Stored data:

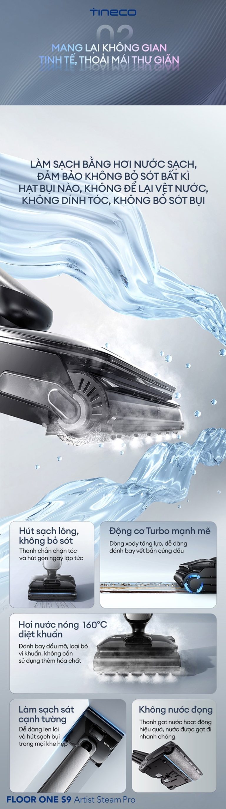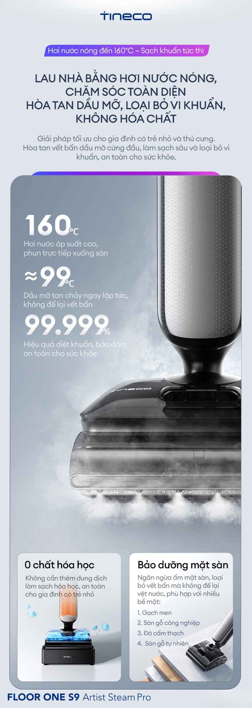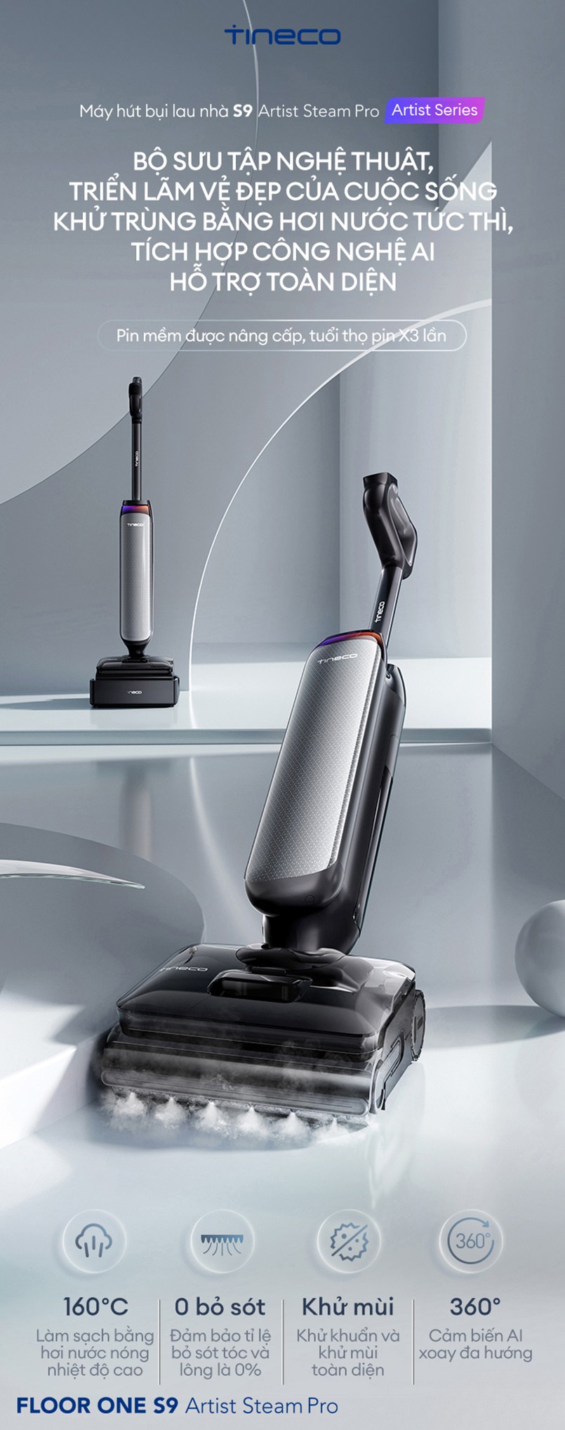 Cuối năm 2025, máy hút bụi lau sàn khô ướt Tineco Floor One S9 Artist Steam Pro chính hãng đang là siêu phẩm cao cấp nhất từ Tineco, thuộc dòng Artist Series với công nghệ hơi nước HyperSteam 160°C, lực hút 22.000Pa và thời gian sử dụng lên đến 90 phút. Sản phẩm kết hợp hút bụi, lau sàn và khử khuẩn bằng hơi nước nóng trong một bước, lý tưởng cho sàn cứng, nhà có thú cưng hoặc trẻ nhỏ. Đây là lựa chọn đỉnh cao cho vệ sinh sâu, diệt khuẩn 99.999% mà không cần hóa chất mạnh!
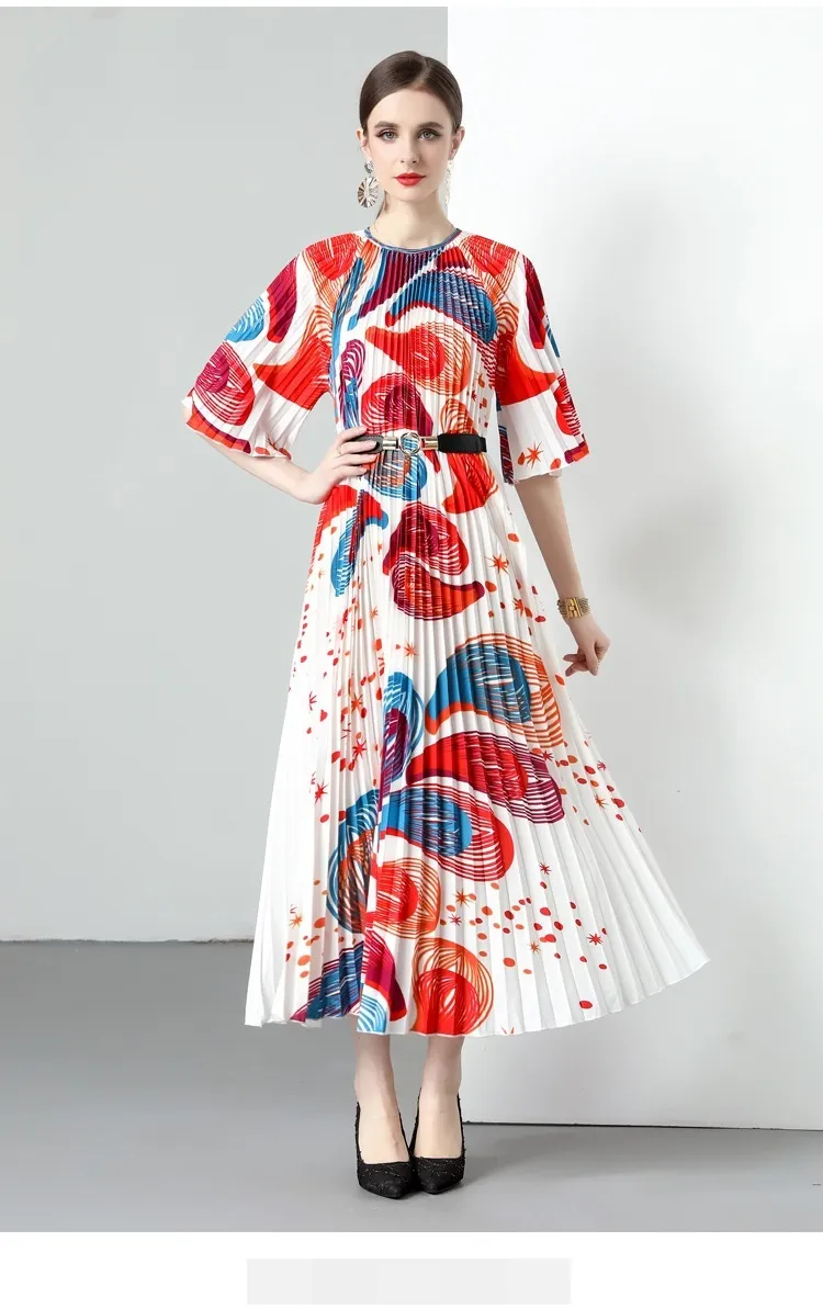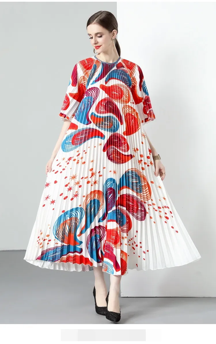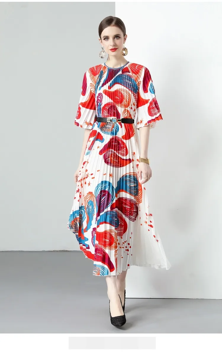 衣都精品- 2023新款時尚復古印花百褶大擺連衣裙
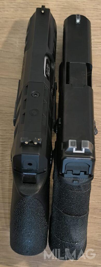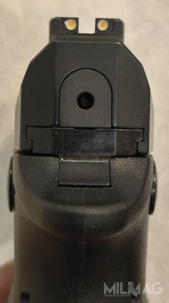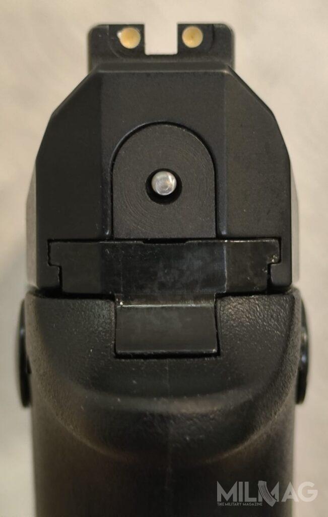 Jak się patrzy z tyłu na zamki obu pistoletów, to mamy nieco inny widok, chociaż przyrządy celownicze, szczerbinki, są takie same, dwie kropki, to już w P1 widać kurek, a po odciągnięciu tylną cześć iglicy.
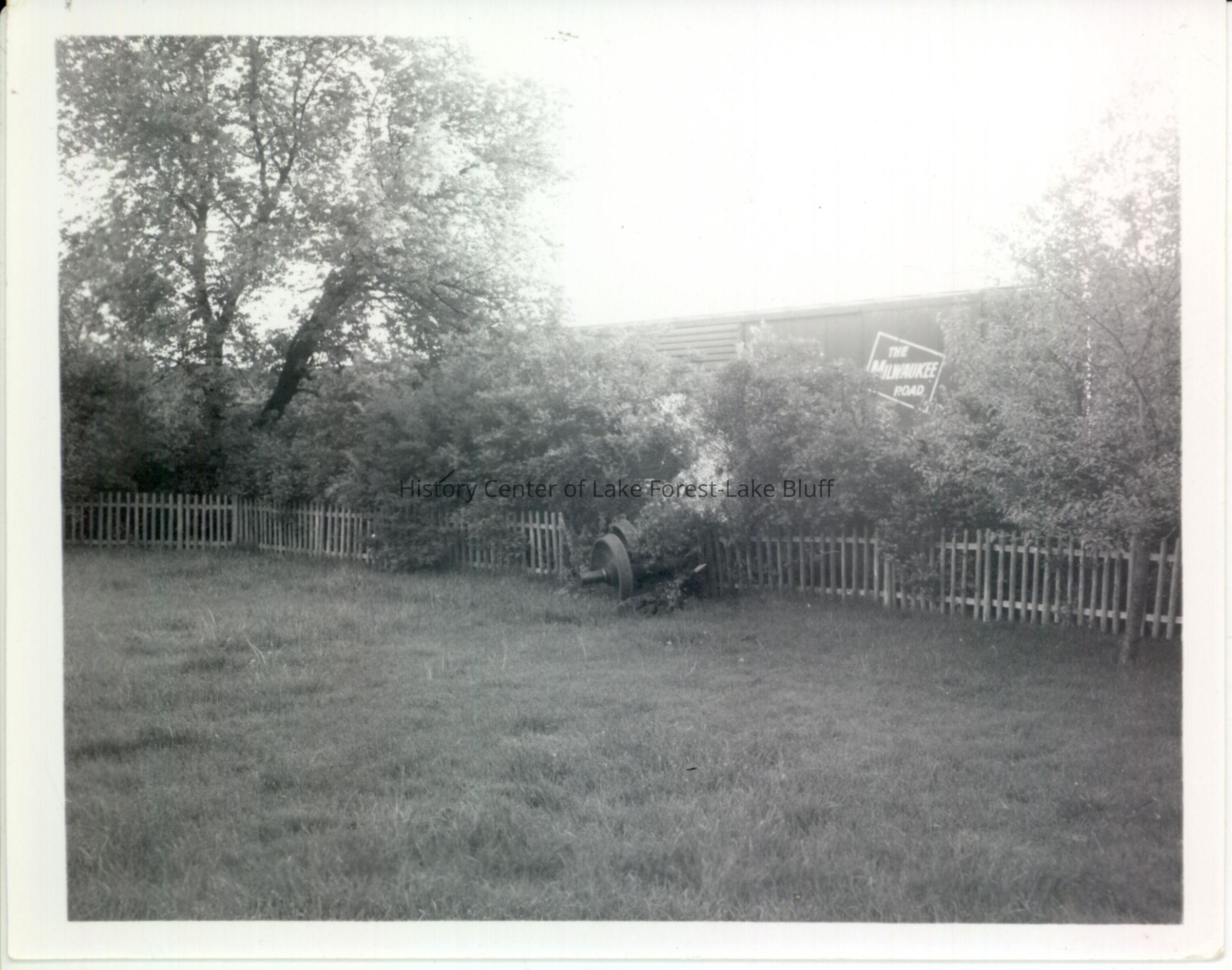 Undated image of unidentified train detrailment. Appears to be taken from someone's back yard - fence is broken. A freight car with the words "The Milwaukee Road" painted on is visible through the bushes.
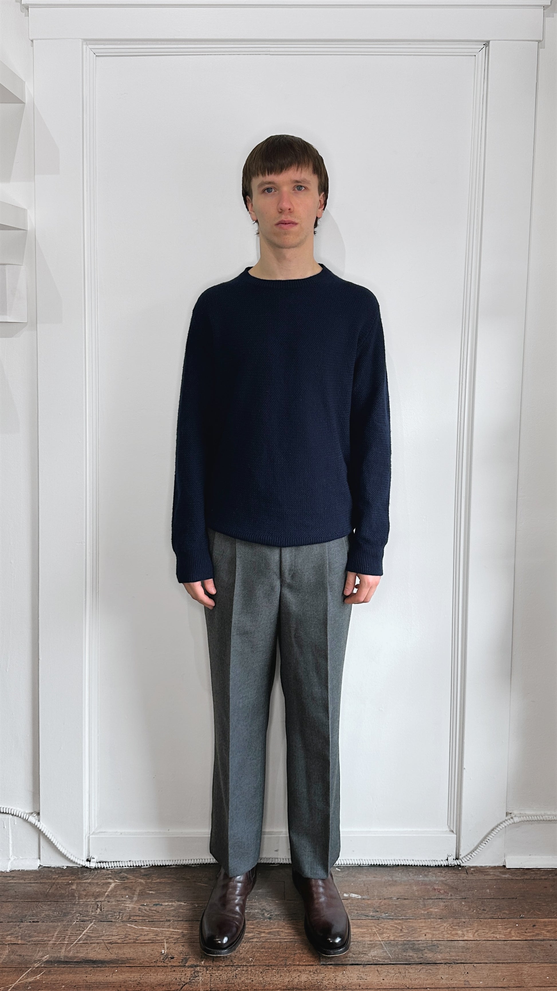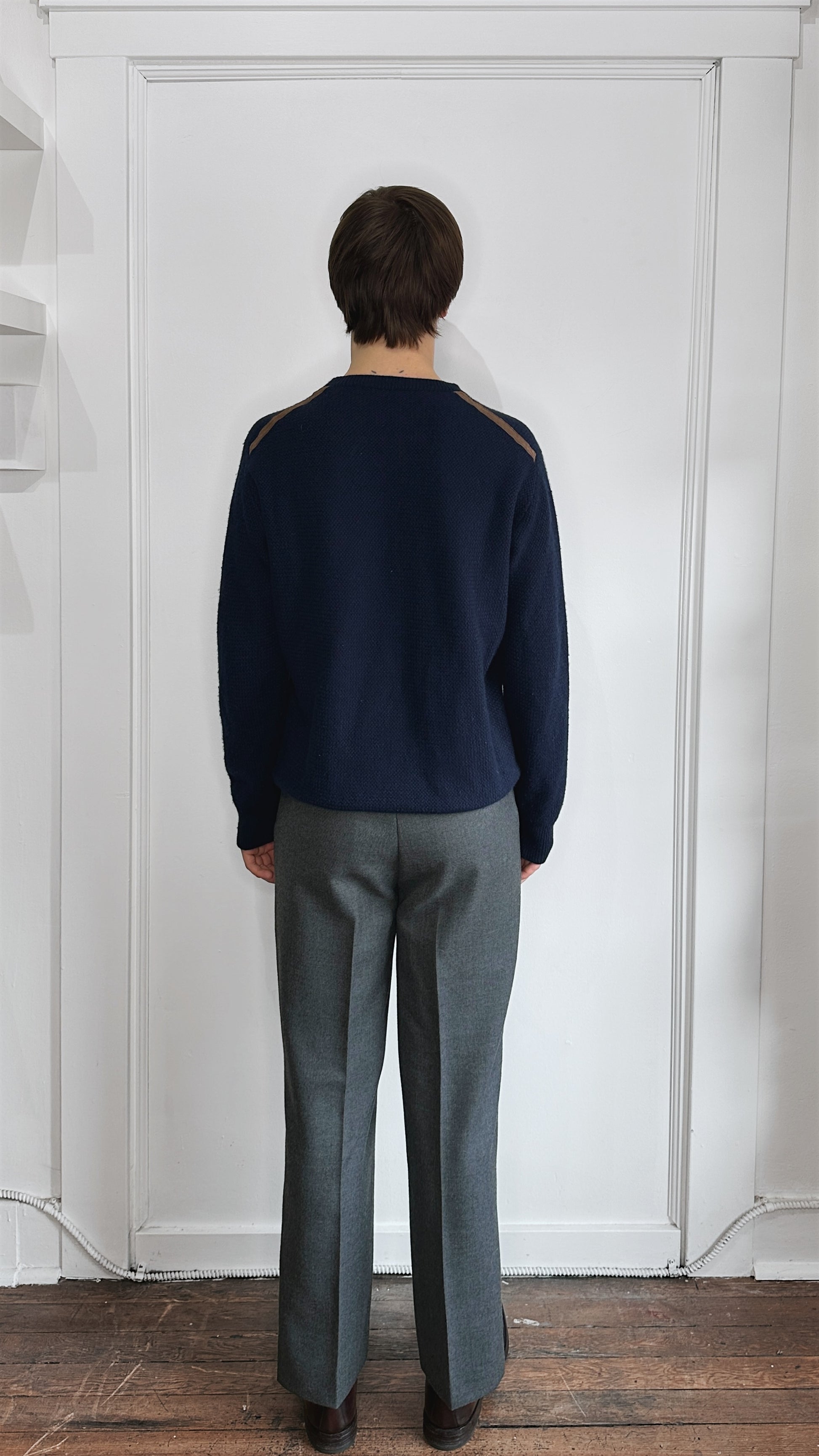 Item: Ermenegildo Zegna Navy Blue Pure Cashmere Knit Crewneck Sweater W/ Suede Shoulder Piping Extra Large 44
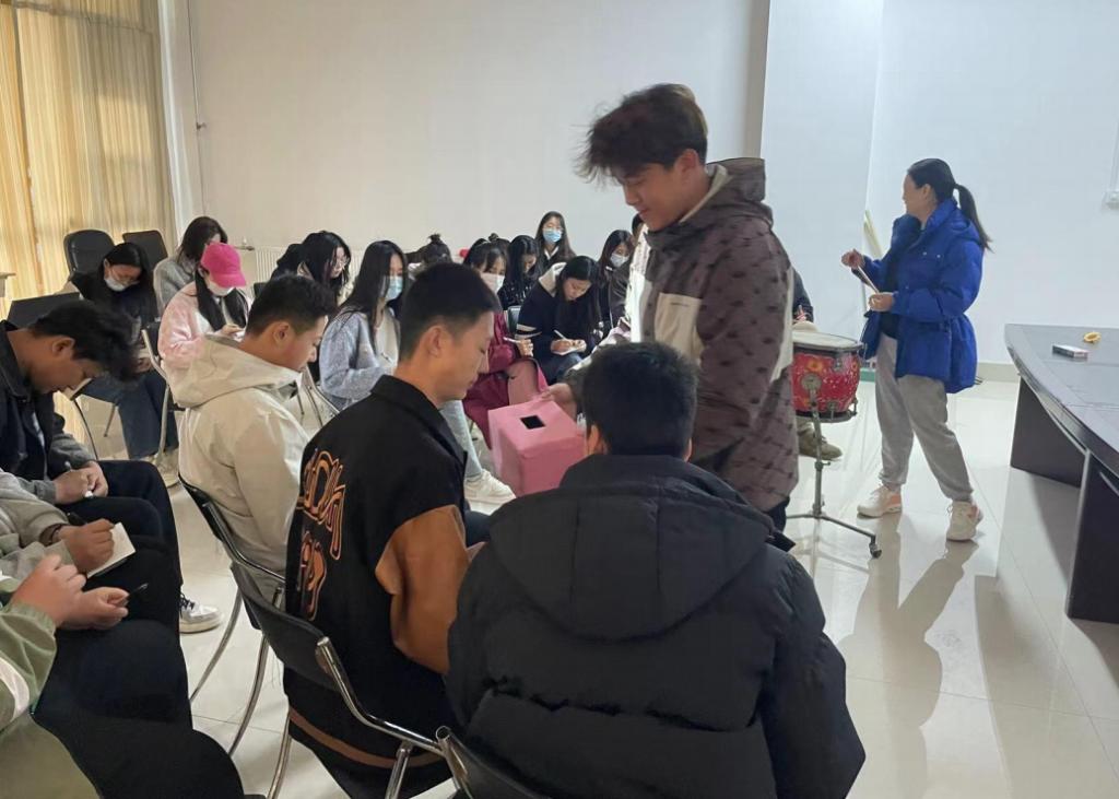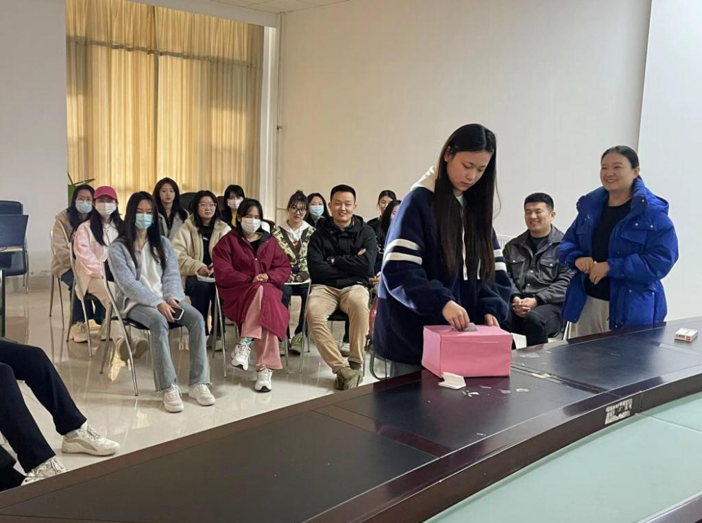 活动分为两部分,首先以游戏形式进行负面情绪调解,组织参与同学将近期烦恼和心事匿名写在纸条上,以击鼓传花的方式选择同学抽取纸条,读出纸条上的内容,并发表自己的见解,所有同学群策群力,出谋划策,化解负面情绪。第二环节进行夸奖环节,所有参与同学匿名写出夸奖纸条,由主持人将夸奖纸条送到被夸奖人手中,培养员工积极向上,乐观自信的心理品质,促进人格健全发展。
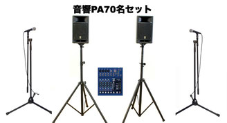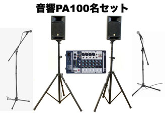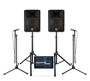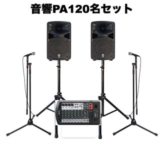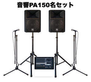 1000~1600W 15inchダブルウーファースピーカーを使ったセットです。 ライブハウス並みの大音響です。 ドラム、各種楽器アンプの音もPAから出力することも可能です。
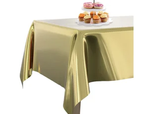Obrus z folii metalicznej w kolorze starego złota. Wymiary: 137 x 183 cm. Opakowanie 1 szt.

### Assigned task
Copy, word for word, the entries above from the first line to the line that holds "Jak się patrzy". Drop the pictures.

### Response box
 Cuối năm 2025, máy hút bụi lau sàn khô ướt Tineco Floor One S9 Artist Steam Pro chính hãng đang là siêu phẩm cao cấp nhất từ Tineco, thuộc dòng Artist Series với công nghệ hơi nước HyperSteam 160°C, lực hút 22.000Pa và thời gian sử dụng lên đến 90 phút. Sản phẩm kết hợp hút bụi, lau sàn và khử khuẩn bằng hơi nước nóng trong một bước, lý tưởng cho sàn cứng, nhà có thú cưng hoặc trẻ nhỏ. Đây là lựa chọn đỉnh cao cho vệ sinh sâu, diệt khuẩn 99.999% mà không cần hóa chất mạnh!
 衣都精品- 2023新款時尚復古印花百褶大擺連衣裙
 Jak się patrzy z tyłu na zamki obu pistoletów, to mamy nieco inny widok, chociaż przyrządy celownicze, szczerbinki, są takie same, dwie kropki, to już w P1 widać kurek, a po odciągnięciu tylną cześć iglicy.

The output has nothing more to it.